» **THE RECORDS**:

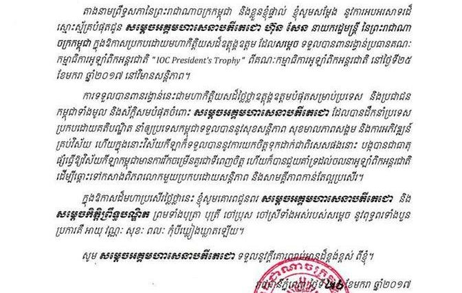 សម្តេចតេជោ ហ៊ុន សែន អញ្ជើញទទួលពានរង្វាន់គណៈកម្មាធិការអូឡាំពិកអន្តរជាតិ IOC President’s Trophy
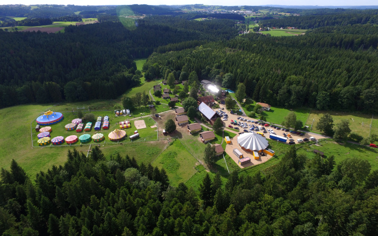Unsere Circusstadt liegt auf einer großen Wiese, mitten im Wald und direkt an einem kleinen Bach. Je nach Freizeit wohnst du hier entweder in einem unserer echten, bunten Circuszelte oder in einem unserer Ferienhäuser.
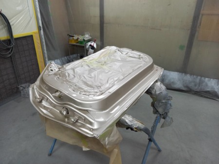 ▼ベースカラーの次にトップコートとしてクリアーを吹きます。
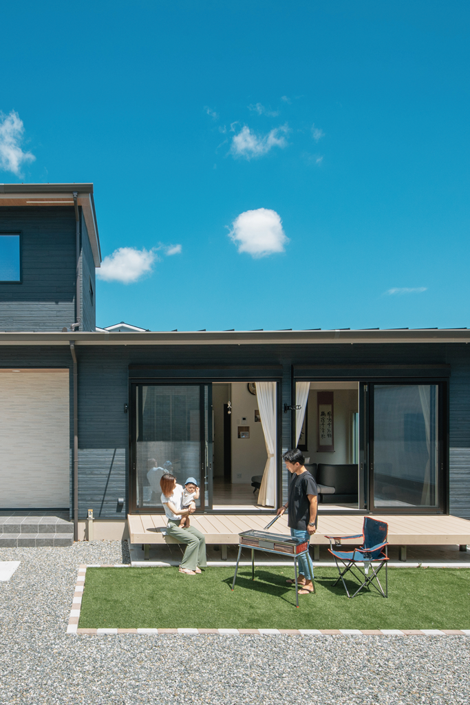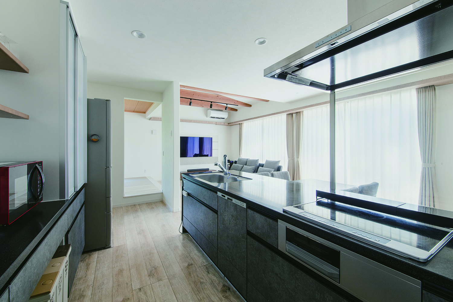 勾配天井で、梁を見せるデザインのリビング。天井高をかえることで、続き間の空間もゆるやかにゾーニングしました。
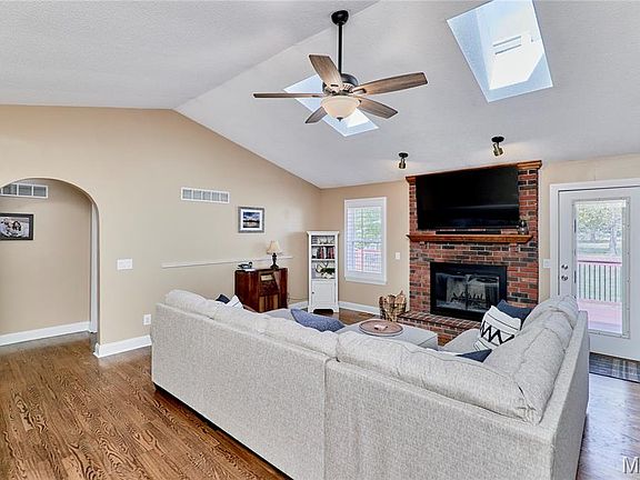 Your search ends here with this beautiful 3 bed, 2 bath ranch with tons of amazing features & full lake rights! This gem boasts vaulted ceilings, spacious open floor plan, main floor laundry, 2 car garage with enough space for your boat, large deck off the dining area, spacious bedrooms, and more! Step inside the large foyer leading to the spacious great room w/ vaulted ceilings, gorgeous wood floors, skylights bringing in tons of natural light & woodburning fireplace. Great room is open to the kitchen & dining area that leads to the spacious deck & open yard. Light & bright kitchen features SS appliances, lots of custom cabinetry, pantry, access to main floor laundry & 2 car garage w/ boat space. Primary bedroom boasts dual closets, newer cozy carpeting & ensuite bathroom w/ large vanity, skylight, soaking tub & separate shower. Two more spacious bedrooms w/ newer carpeting & full hall bathroom on the main floor. The exterior boasts beautiful curb appeal, new 2024 roof, large open yard, and spacious deck perfect for relaxing in the evenings. Resort style living awaits with full lake access and minutes to golf, pools, clubhouse, marinas, parks & endless Lake St. Louis community activities! Green Tree Elementary! Hurry before this charming home is gone!
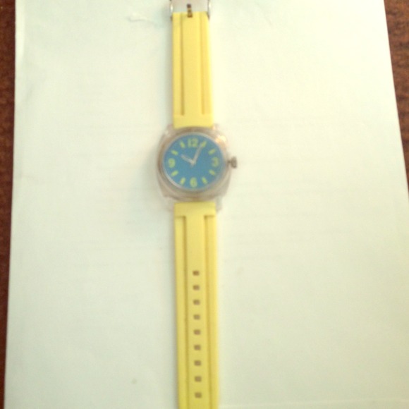 Yellow and blue watch. Still ticks. Didn't wear it much. Just sat in my closet.
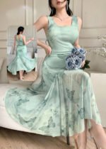 Be the first to review “Elegant Sage Green Butterfly Print Midi Dress” Cancel reply

» **BRIEF**: Return every entry from the listing above exactly as it stands, leaving out any picture.

» **REPLY TO THE TASK**:
 សម្តេចតេជោ ហ៊ុន សែន អញ្ជើញទទួលពានរង្វាន់គណៈកម្មាធិការអូឡាំពិកអន្តរជាតិ IOC President’s Trophy
Unsere Circusstadt liegt auf einer großen Wiese, mitten im Wald und direkt an einem kleinen Bach. Je nach Freizeit wohnst du hier entweder in einem unserer echten, bunten Circuszelte oder in einem unserer Ferienhäuser.
 ▼ベースカラーの次にトップコートとしてクリアーを吹きます。
 勾配天井で、梁を見せるデザインのリビング。天井高をかえることで、続き間の空間もゆるやかにゾーニングしました。
 Your search ends here with this beautiful 3 bed, 2 bath ranch with tons of amazing features & full lake rights! This gem boasts vaulted ceilings, spacious open floor plan, main floor laundry, 2 car garage with enough space for your boat, large deck off the dining area, spacious bedrooms, and more! Step inside the large foyer leading to the spacious great room w/ vaulted ceilings, gorgeous wood floors, skylights bringing in tons of natural light & woodburning fireplace. Great room is open to the kitchen & dining area that leads to the spacious deck & open yard. Light & bright kitchen features SS appliances, lots of custom cabinetry, pantry, access to main floor laundry & 2 car garage w/ boat space. Primary bedroom boasts dual closets, newer cozy carpeting & ensuite bathroom w/ large vanity, skylight, soaking tub & separate shower. Two more spacious bedrooms w/ newer carpeting & full hall bathroom on the main floor. The exterior boasts beautiful curb appeal, new 2024 roof, large open yard, and spacious deck perfect for relaxing in the evenings. Resort style living awaits with full lake access and minutes to golf, pools, clubhouse, marinas, parks & endless Lake St. Louis community activities! Green Tree Elementary! Hurry before this charming home is gone!
 Yellow and blue watch. Still ticks. Didn't wear it much. Just sat in my closet.
 Be the first to review “Elegant Sage Green Butterfly Print Midi Dress” Cancel reply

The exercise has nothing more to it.